◆ **TASK STATEMENT**: Take nothing but the lines from the one with "OFFICE/SHOWROOM SPACE AVAILABLE" through the one with "Surface Application- If" in the entries below, both ends kept, and return them exactly with pictures left out.

◆ **INFORMATION SHOWN**:

-=-=-=-=-

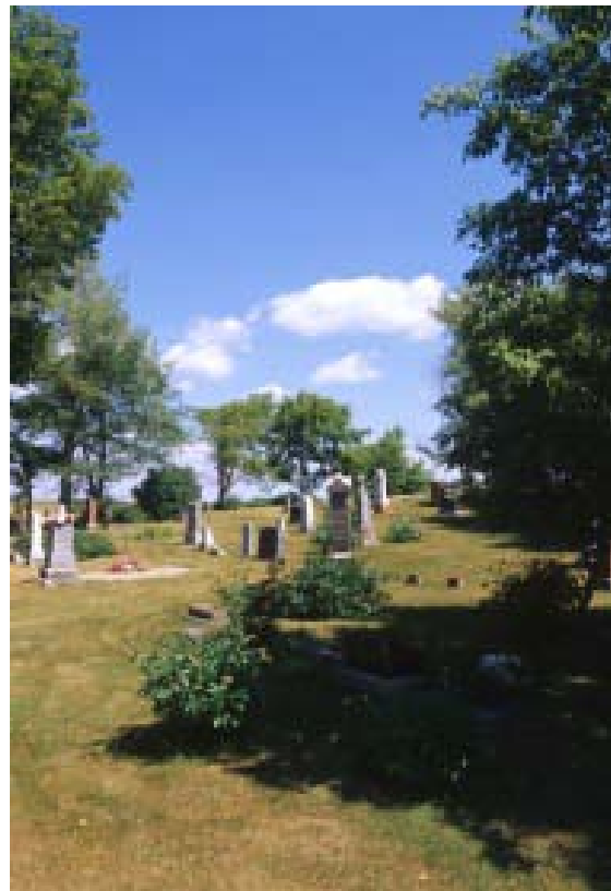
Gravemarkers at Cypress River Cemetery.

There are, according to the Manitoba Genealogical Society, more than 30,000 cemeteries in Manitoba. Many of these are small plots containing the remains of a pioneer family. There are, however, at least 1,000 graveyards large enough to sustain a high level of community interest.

-=-=-=-=-

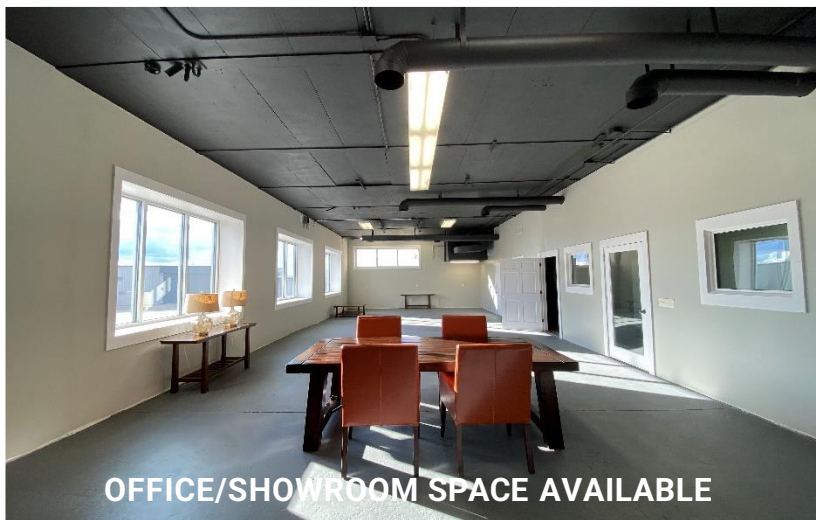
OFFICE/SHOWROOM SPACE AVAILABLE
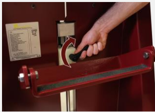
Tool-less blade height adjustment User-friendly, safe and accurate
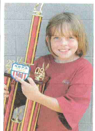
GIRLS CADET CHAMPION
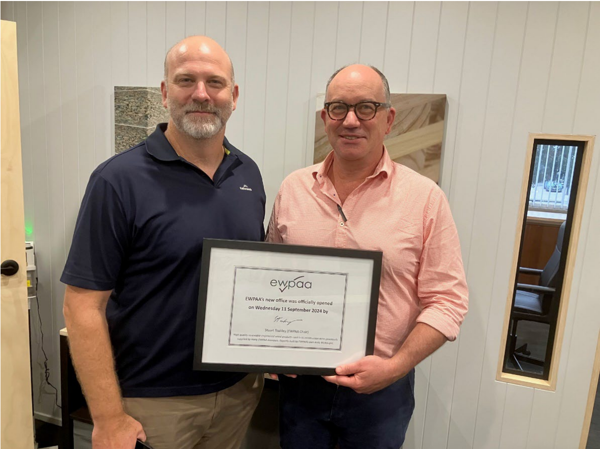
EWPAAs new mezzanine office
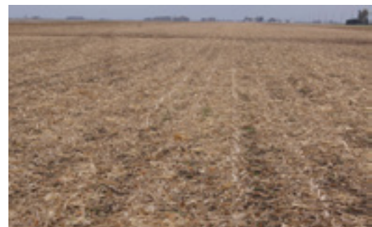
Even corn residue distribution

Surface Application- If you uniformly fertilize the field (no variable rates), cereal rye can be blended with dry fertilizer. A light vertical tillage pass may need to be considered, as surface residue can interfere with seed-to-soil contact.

-=-=-=-=-

◆ **RESULT BELOW**:
OFFICE/SHOWROOM SPACE AVAILABLE
Tool-less blade height adjustment User-friendly, safe and accurate
GIRLS CADET CHAMPION
EWPAAs new mezzanine office
Even corn residue distribution

Surface Application- If you uniformly fertilize the field (no variable rates), cereal rye can be blended with dry fertilizer. A light vertical tillage pass may need to be considered, as surface residue can interfere with seed-to-soil contact.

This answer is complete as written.